Remote Work Is Your Biggest CMMC Blind Spot
Home offices, personal devices, and the compliance gaps assessors find
You've configured your office. You've set up your cloud platform. You've worked through the documentation requirements, maybe even started collecting evidence. You're feeling like you've got a handle on this.
Now: what happens when your team logs in from home?
For most small defense contractors, this is the question that breaks otherwise solid compliance work. Remote work is genuinely complicated territory under CMMC — not because the requirements are unfair, but because every home setup is different, the judgment calls are real, and most compliance guides skip this chapter entirely.
This guide won't skip it. We're going to walk through the specific gaps that appear most often in home office and remote work setups, explain what the CMMC framework expects, and be honest about where the right answer requires expert judgment rather than a generic checklist.
What We'll Cover
- First: Is your home office even in scope?
- Gap 1 — Home network security
- Gap 2 — Personal device use (BYOD)
- Gap 3 — Physical access and printed materials
- Gap 4 — Screen lock and unattended device policies
- Gap 5 — VPN: when you need it and when you don't
- Gap 6 — Documentation: can you prove remote workers are compliant?
- Platform-specific remote considerations: GWS vs. M365
- What a complete remote work compliance picture looks like
First: Is Your Home Office Even In Scope?
Before we talk about gaps, we need to talk about scope — because this is where a lot of confusion starts.
CMMC compliance applies to systems that process, store, or transmit Federal Contract Information (FCI). So the first question isn't "how do I make my home office compliant?" — it's "does FCI flow through my home office at all?"
For many small contractors, the answer is yes. If your employee's home laptop is the device they use to access email containing contract details, open documents in your cloud platform, or communicate with your prime contractor — then that home setup is part of your CMMC boundary.

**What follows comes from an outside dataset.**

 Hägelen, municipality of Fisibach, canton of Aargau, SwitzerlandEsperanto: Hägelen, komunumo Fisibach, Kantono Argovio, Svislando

The Scoping Reality for Remote Teams
A well-scoped CMMC environment for a remote team typically includes:
- The cloud platform your team uses for work (Microsoft 365 or Google Workspace)

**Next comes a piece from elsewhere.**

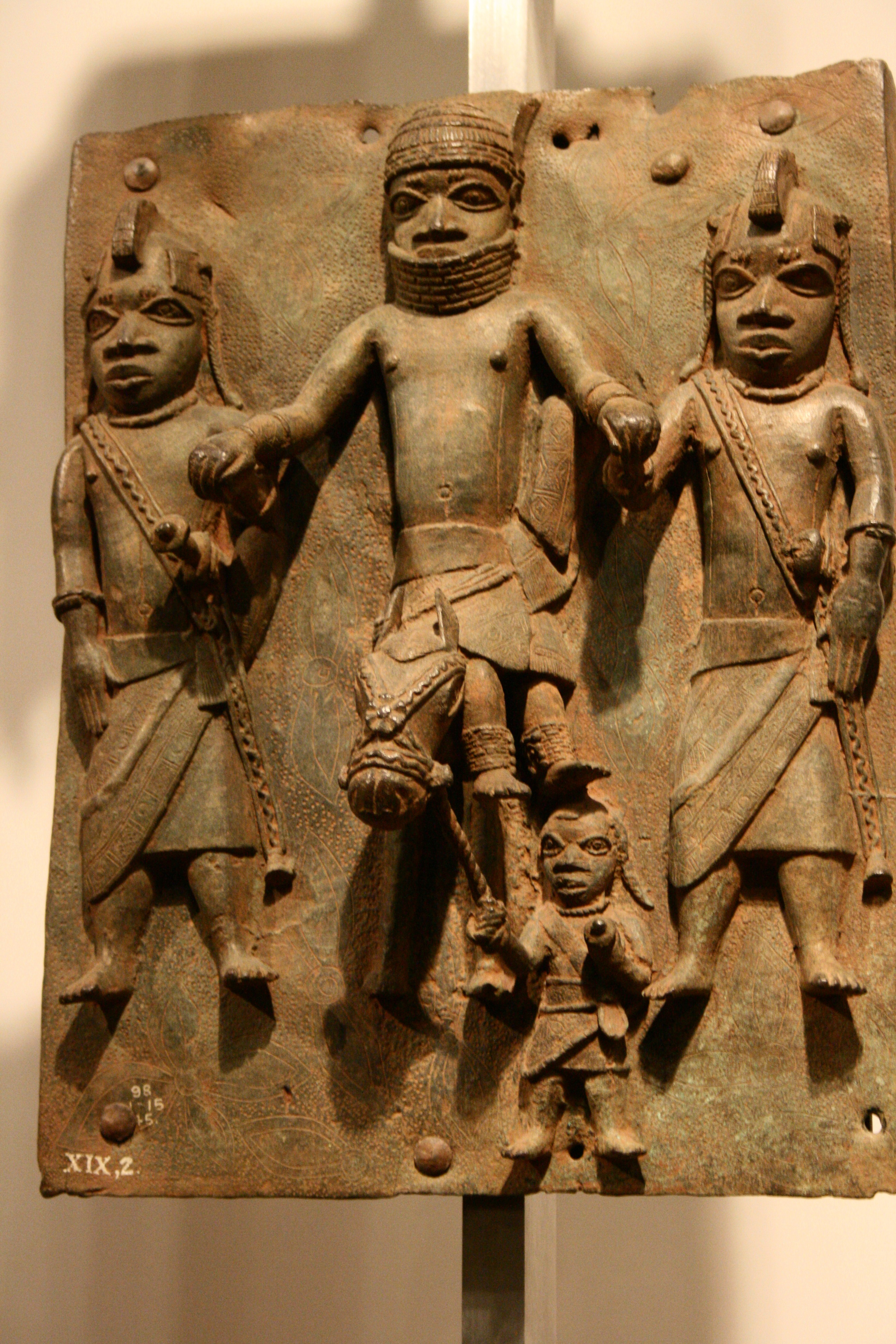 Brass plaque commonly known as "bronze". Benin kingdom (Nigeria). British Museum (London)

- The devices your employees use to access that platform
- The networks those devices connect through — including home networks
- Any physical locations where FCI might be stored or viewed (yes, including home offices)
This doesn't mean your employees' entire home life is in scope. It means the parts of their environment that touch FCI are in scope — and that line requires a thoughtful judgment call.

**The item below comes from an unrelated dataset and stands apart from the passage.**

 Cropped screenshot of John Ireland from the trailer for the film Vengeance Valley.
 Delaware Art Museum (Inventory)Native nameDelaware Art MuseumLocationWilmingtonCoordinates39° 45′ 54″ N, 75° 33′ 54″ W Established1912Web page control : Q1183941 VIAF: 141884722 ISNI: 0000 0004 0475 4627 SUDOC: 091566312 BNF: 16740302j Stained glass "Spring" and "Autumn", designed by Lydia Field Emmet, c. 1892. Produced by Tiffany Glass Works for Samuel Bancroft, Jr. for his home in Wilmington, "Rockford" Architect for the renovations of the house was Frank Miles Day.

The good news: scoping your remote environment thoughtfully can significantly reduce the compliance burden. A consultant who helps you define scope carefully is giving you real value — not just telling you everything is in scope and handing you a 400-page policy binder.
The Six Remote Work Compliance Gaps
These are the gaps we encounter most often when working with small contractors whose teams work from home. They're not hypothetical — they come up in consultation sessions regularly, and they're the areas where DIY compliance tends to have the biggest holes.
Home Network Security
The risk: A home network is a fundamentally different environment from a corporate network. There's typically no enterprise firewall, no IT-managed router, and no network monitoring. The same WiFi your employee uses to access contract work is often shared with family members, streaming devices, smart home gadgets, and sometimes neighbors if the router password hasn't been changed in years.
What compliant looks like: CMMC Level 1 physical protection requirements don't stay at the office door — they extend to wherever FCI is accessed. For home networks, this generally means ensuring the work device connects to a reasonably secured network: strong WiFi password, WPA2 or WPA3 encryption, and ideally guest network separation for IoT and personal devices.
The judgment call: There's no CMMC requirement that employees have enterprise-grade home networks. But there's also no free pass for networks that present obvious risk. Where that line falls — and how you document your position on it — is exactly the kind of question that benefits from expert input. "We use WPA2 with a strong password and IoT devices are on a separate guest network" lands very differently than "we're not sure what settings the router is on."
Personal Device Use (BYOD)
The risk: Personal devices are one of the most common sources of compliance gaps in remote setups. If an employee accesses your Microsoft 365 or Google Workspace tenant from their personal laptop — a device that isn't managed, doesn't have compliant security settings, and may have software installed that you'd never approve on a work device — you have a problem that doesn't disappear because you didn't ask about it.
What compliant looks like: The cleanest CMMC position is company-owned, company-managed devices only. If that's not realistic for your team right now, BYOD under CMMC is possible — but it requires clear policies, device enrollment, and platform-specific enforcement (conditional access in M365, context-aware access in Google Workspace). "We asked employees not to use personal devices" is not a compliant BYOD policy.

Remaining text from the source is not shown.